Local pro-Palestinian activists claimed victory, with Somerville for Palestine — the group that gathered the signatures required to put the non-binding resolution on the ballot — posting a celebratory Instagram video alongside the Boston chapter of anti-Zionist group Jewish Voice for Peace.
However, as they were celebrating, the mayoral candidate best poised to enact the proposal in Somerville conceded his race to a rival who signaled he was far less likely to do so. Willie Burnley Jr., a democratic socialist who had endorsed Question 3, lost to fellow at-large city council member Jake Wilson, who did not.
A handful of other American cities have previously adopted Israel divestment proposals brought by their city councils. One of those is Portland, Maine, whose mayor publicly regretted backing divestment after hearing from local Jewish groups. An attempt last year to place a similar referendum on a Pittsburgh ballot failed after legal challenges to the signatures. Similar attempts to challenge the Somerville measure failed.
Home to Tufts University and several Jewish congregations, the four-square-mile Somerville has a population of around 82,000. Residents voted on whether its mayor should “engage in business that sustains Israel’s apartheid, genocide and illegal occupation of Palestine.” The local teachers union endorsed the measure.

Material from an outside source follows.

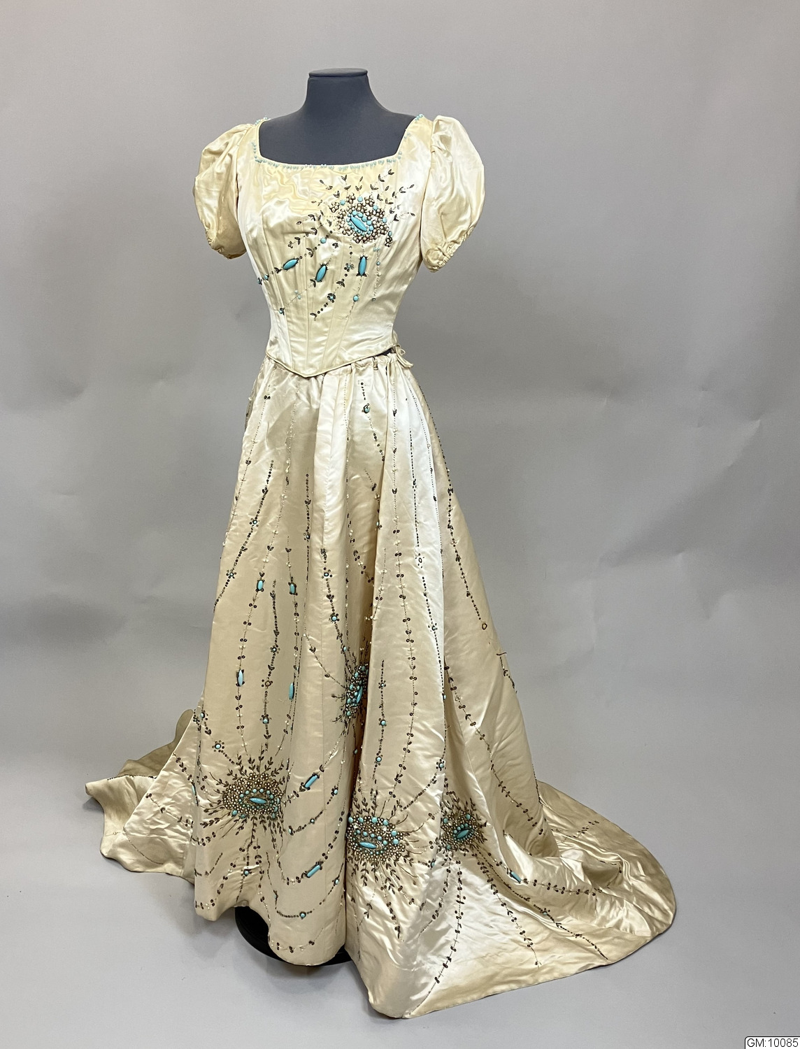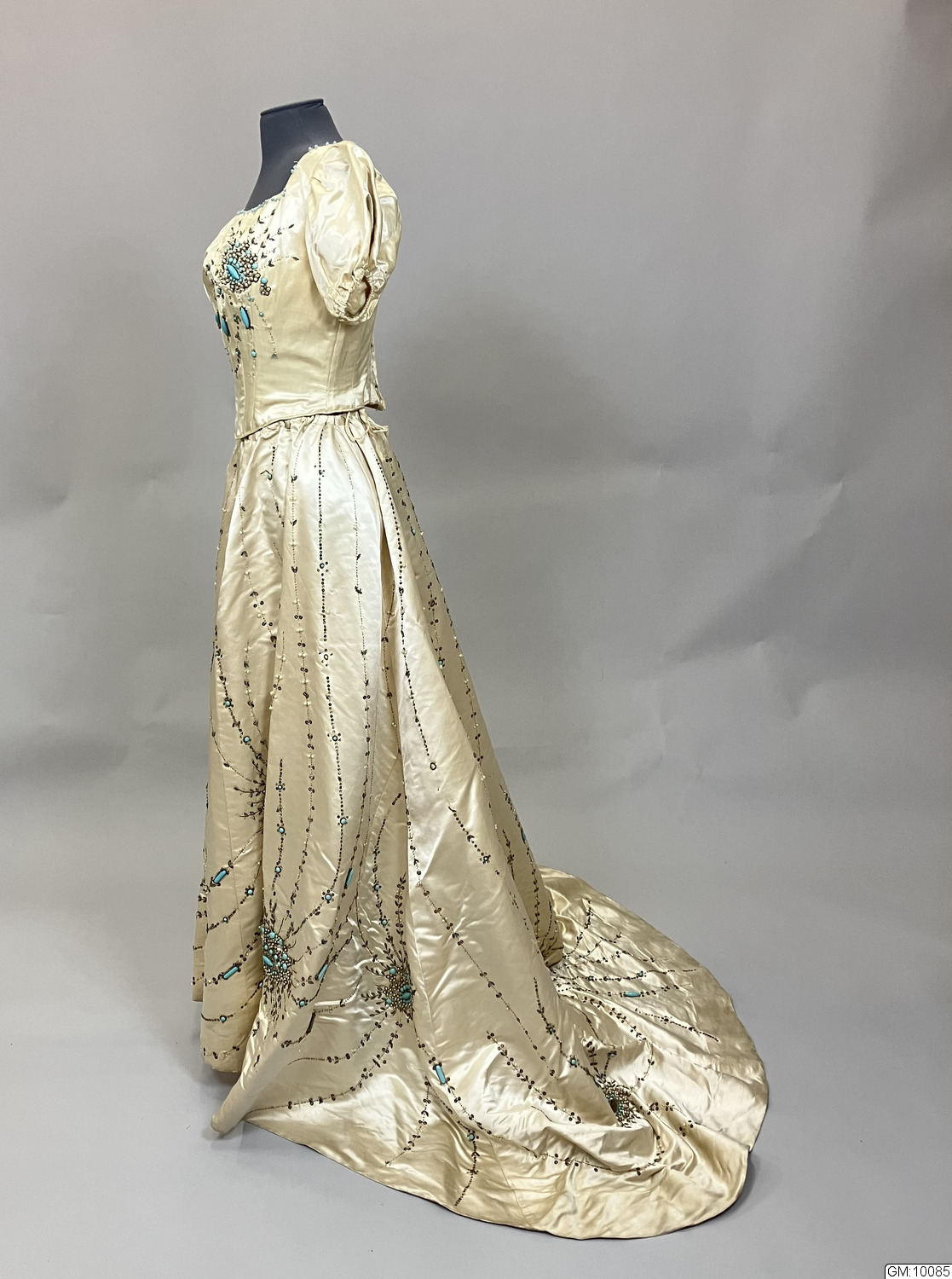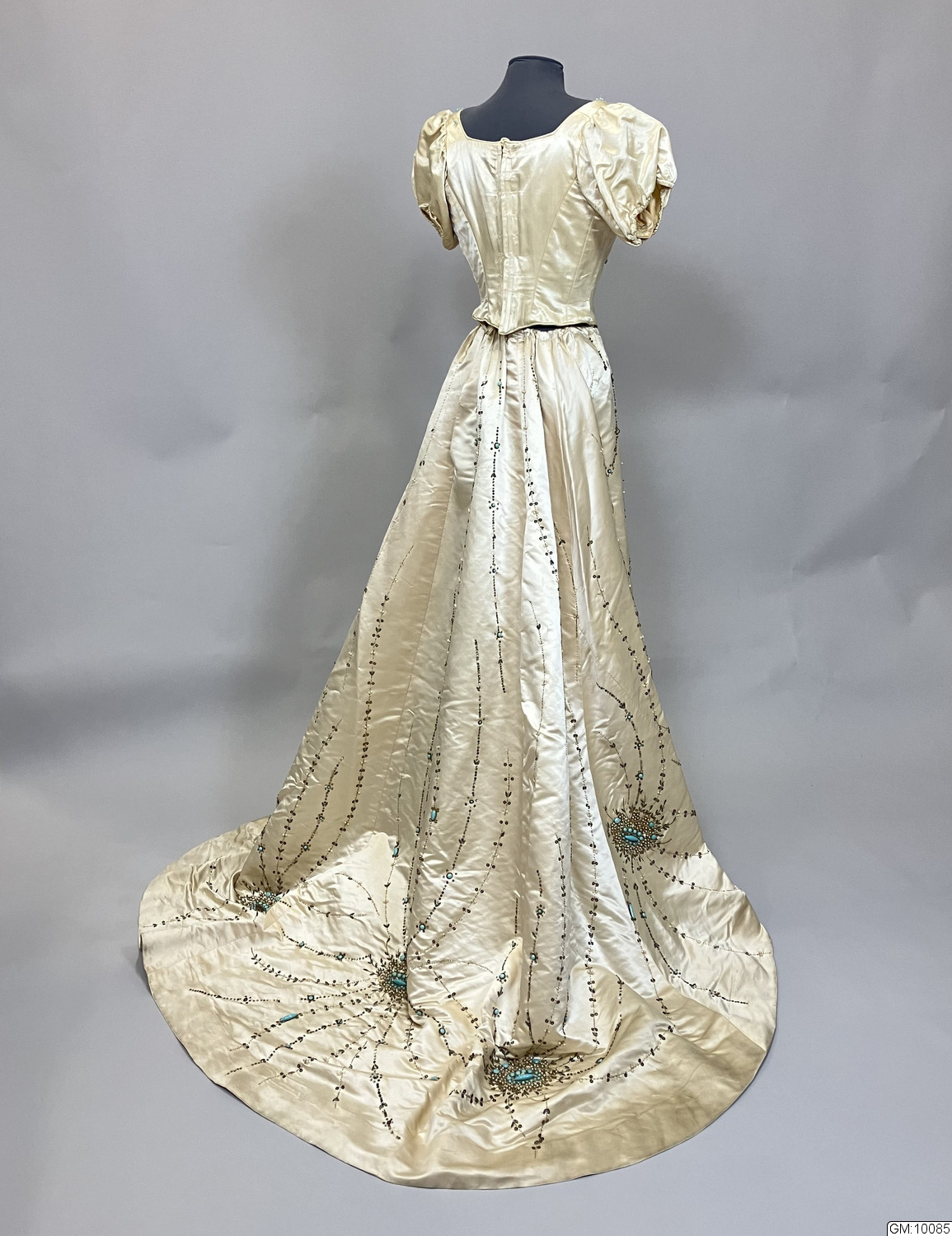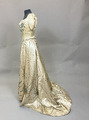 - Aftonklänning bestående av liv och kjol i cremefärgad sidensatin rikt dekorerad med pärlbroderier i turkost, vitt och silver som täcker stora delar av kjolen och livets framstycke. Kjolen har klockad form och långt släp, ofodrat. Livet är korsetterat, har rund urringning, kort puffad ärm och knäppes med hyskor och hakar mitt bak.

Jewish groups opposed the measure, including the newly formed group Somerville United Against Discrimination, which ran TV ads against it. Brian Sokol, a Jewish IT manager and writer based in Somerville, implored his neighbors on Facebook to reject the measure — citing friends of his who were killed by a Hamas suicide bomber in Israel in 1996.
“I am not equating those in Somerville urging a Yes vote with violent extremists or terrorists,” he wrote. “But passing this ballot measure would unintentionally land Somerville on the wrong side of the deeper ideological rift.”
On the other side, a group of 84 local pro-Palestinian Jews endorsed the measure in an op-ed in the Tufts student newspaper. Celebrating the recent ceasefire in Israel and Gaza but saying that Israel has continued to commit atrocities in the region, the authors pointed to local contracts with two companies, Hewlett-Packard and Lockheed Martin, that total over $2 million.
Somerville became a flashpoint in the fight over campus pro-Palestinian activism earlier this year when a Tufts graduate student, Rümeysa Öztürk, was seized by ICE agents and put into deportation proceedings for writing an op-ed in the student paper urging divestment from Israel. A judge freed Öztürk while her deportation case remains ongoing.